-- Aim of the exercise --
Below are the records; extract from them the line containing "Imagine you've created" to the line containing "A gold, platinum", both lines included, exactly and with no pictures.

-- Records supplied --
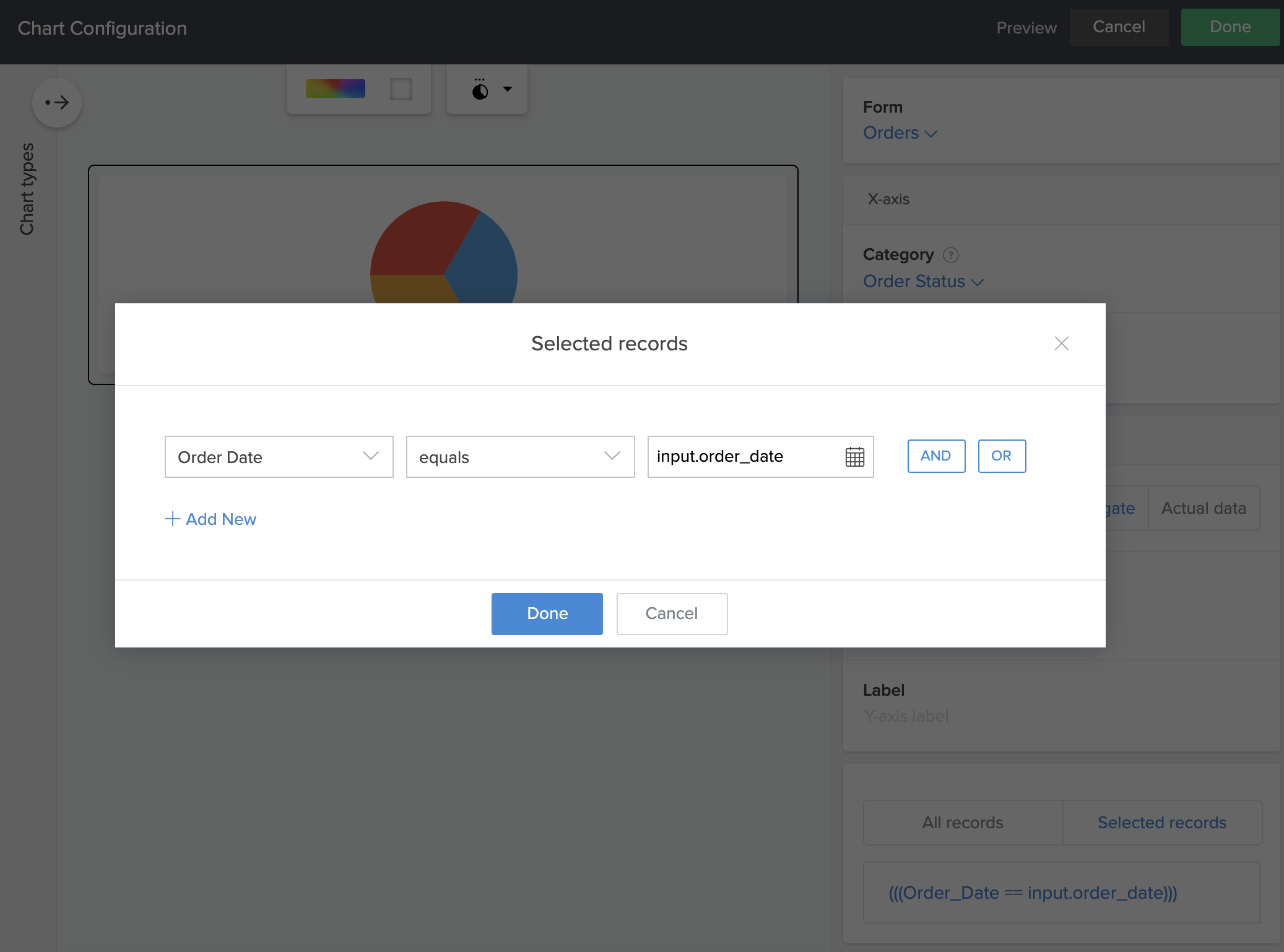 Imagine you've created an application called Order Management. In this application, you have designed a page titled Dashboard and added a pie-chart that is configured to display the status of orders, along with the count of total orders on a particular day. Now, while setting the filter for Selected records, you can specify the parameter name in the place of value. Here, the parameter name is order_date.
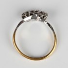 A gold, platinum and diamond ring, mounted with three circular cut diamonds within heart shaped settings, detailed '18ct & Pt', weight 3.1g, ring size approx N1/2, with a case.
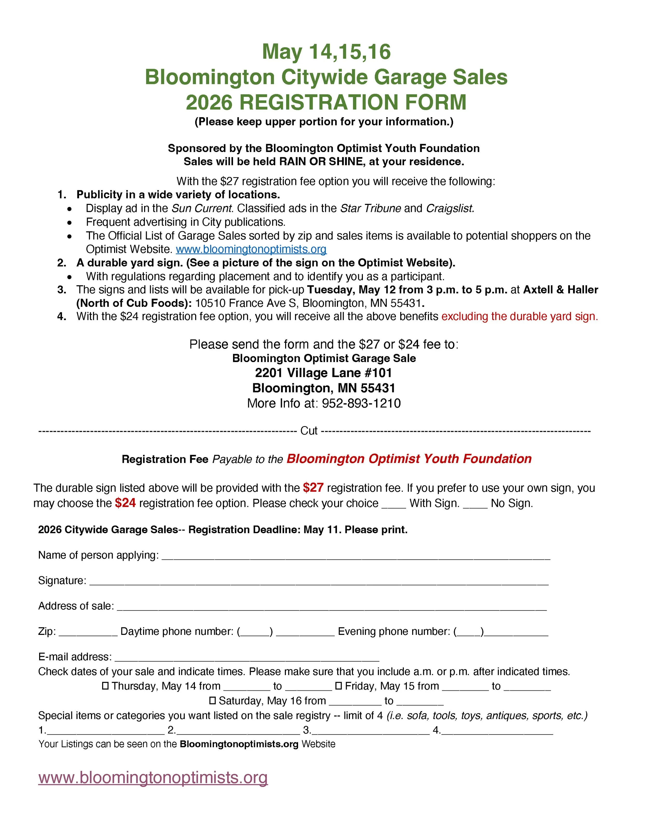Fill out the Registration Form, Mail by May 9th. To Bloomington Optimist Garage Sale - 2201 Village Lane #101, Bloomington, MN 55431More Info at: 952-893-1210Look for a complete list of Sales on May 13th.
---
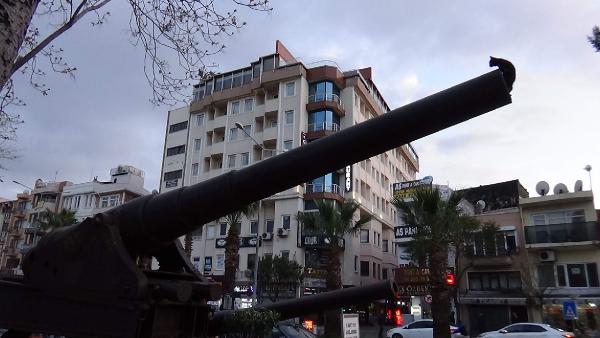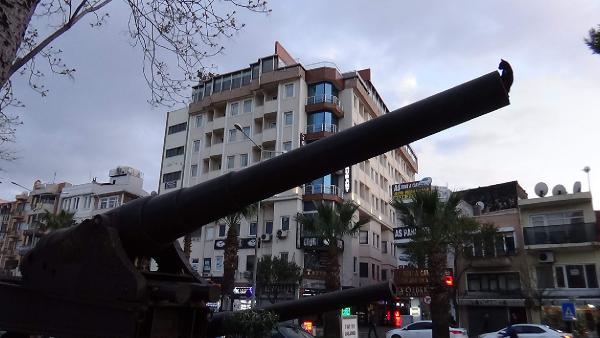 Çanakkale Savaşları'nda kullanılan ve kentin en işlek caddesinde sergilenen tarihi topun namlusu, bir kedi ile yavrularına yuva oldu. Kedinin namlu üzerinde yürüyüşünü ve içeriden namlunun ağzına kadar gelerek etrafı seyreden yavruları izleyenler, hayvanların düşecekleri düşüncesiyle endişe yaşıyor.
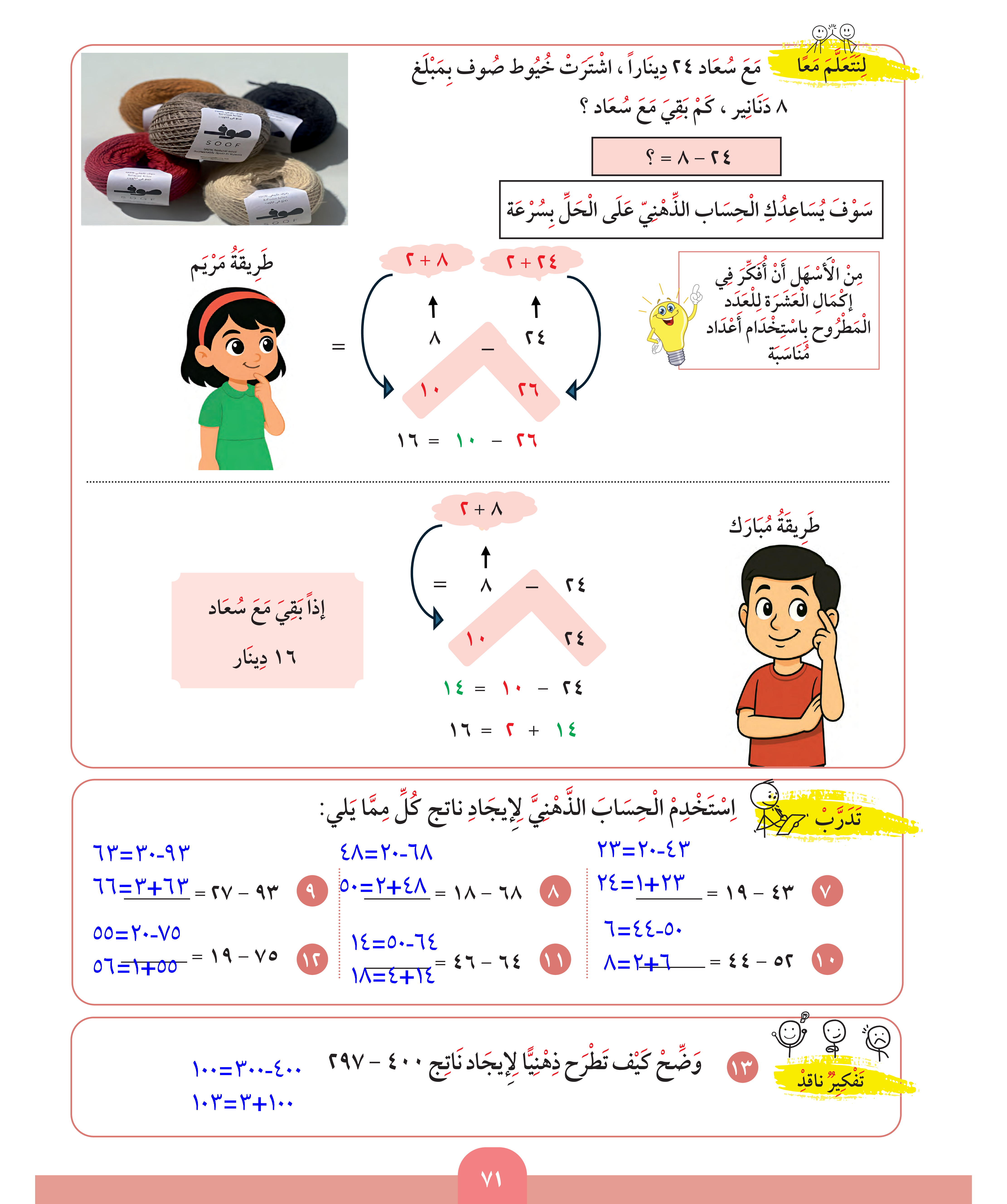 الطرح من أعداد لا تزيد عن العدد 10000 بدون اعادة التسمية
---
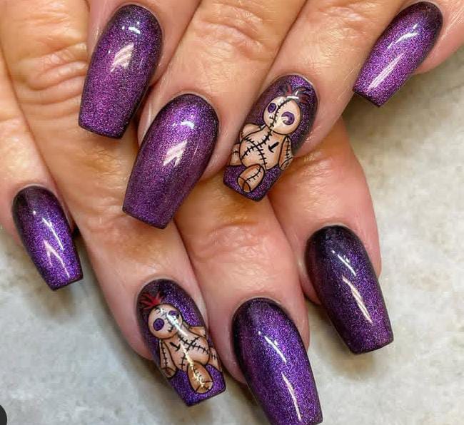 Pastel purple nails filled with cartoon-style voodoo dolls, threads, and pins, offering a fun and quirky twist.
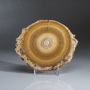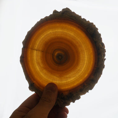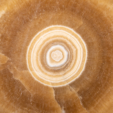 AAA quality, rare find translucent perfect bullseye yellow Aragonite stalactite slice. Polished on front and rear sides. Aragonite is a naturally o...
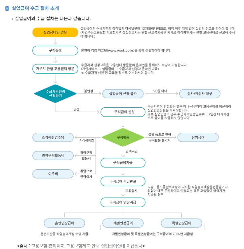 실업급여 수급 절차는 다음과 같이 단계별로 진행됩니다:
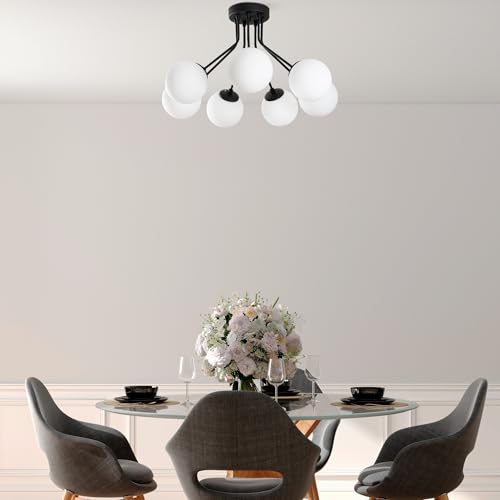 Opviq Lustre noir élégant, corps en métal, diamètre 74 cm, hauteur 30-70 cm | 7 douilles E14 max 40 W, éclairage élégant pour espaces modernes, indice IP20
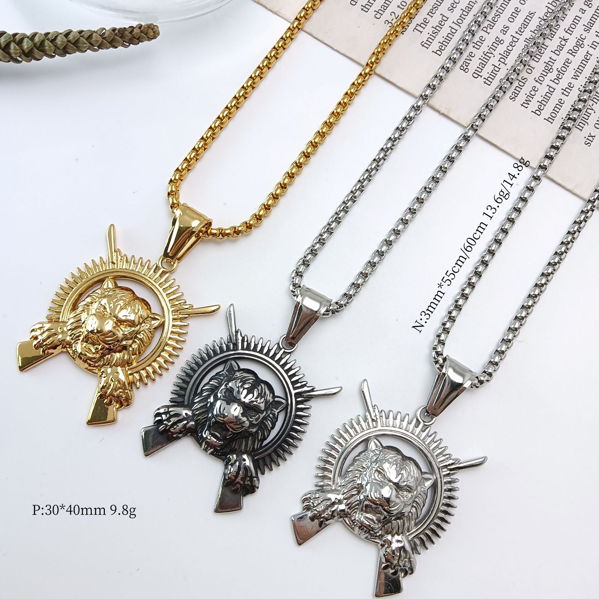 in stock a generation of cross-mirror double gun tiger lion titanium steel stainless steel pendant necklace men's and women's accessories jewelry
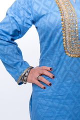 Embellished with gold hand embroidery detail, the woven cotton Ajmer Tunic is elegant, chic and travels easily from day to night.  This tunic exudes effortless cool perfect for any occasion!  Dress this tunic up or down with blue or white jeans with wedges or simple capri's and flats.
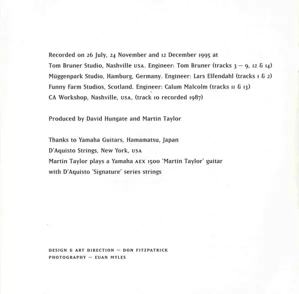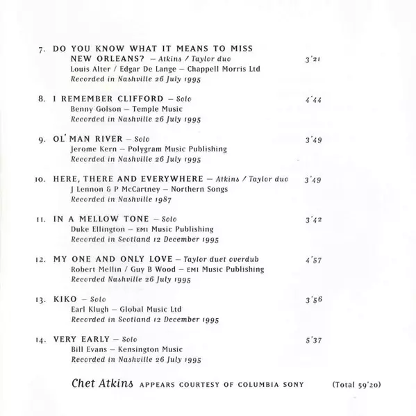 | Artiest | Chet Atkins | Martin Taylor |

-- Problem solution --
 Imagine you've created an application called Order Management. In this application, you have designed a page titled Dashboard and added a pie-chart that is configured to display the status of orders, along with the count of total orders on a particular day. Now, while setting the filter for Selected records, you can specify the parameter name in the place of value. Here, the parameter name is order_date.
 A gold, platinum and diamond ring, mounted with three circular cut diamonds within heart shaped settings, detailed '18ct & Pt', weight 3.1g, ring size approx N1/2, with a case.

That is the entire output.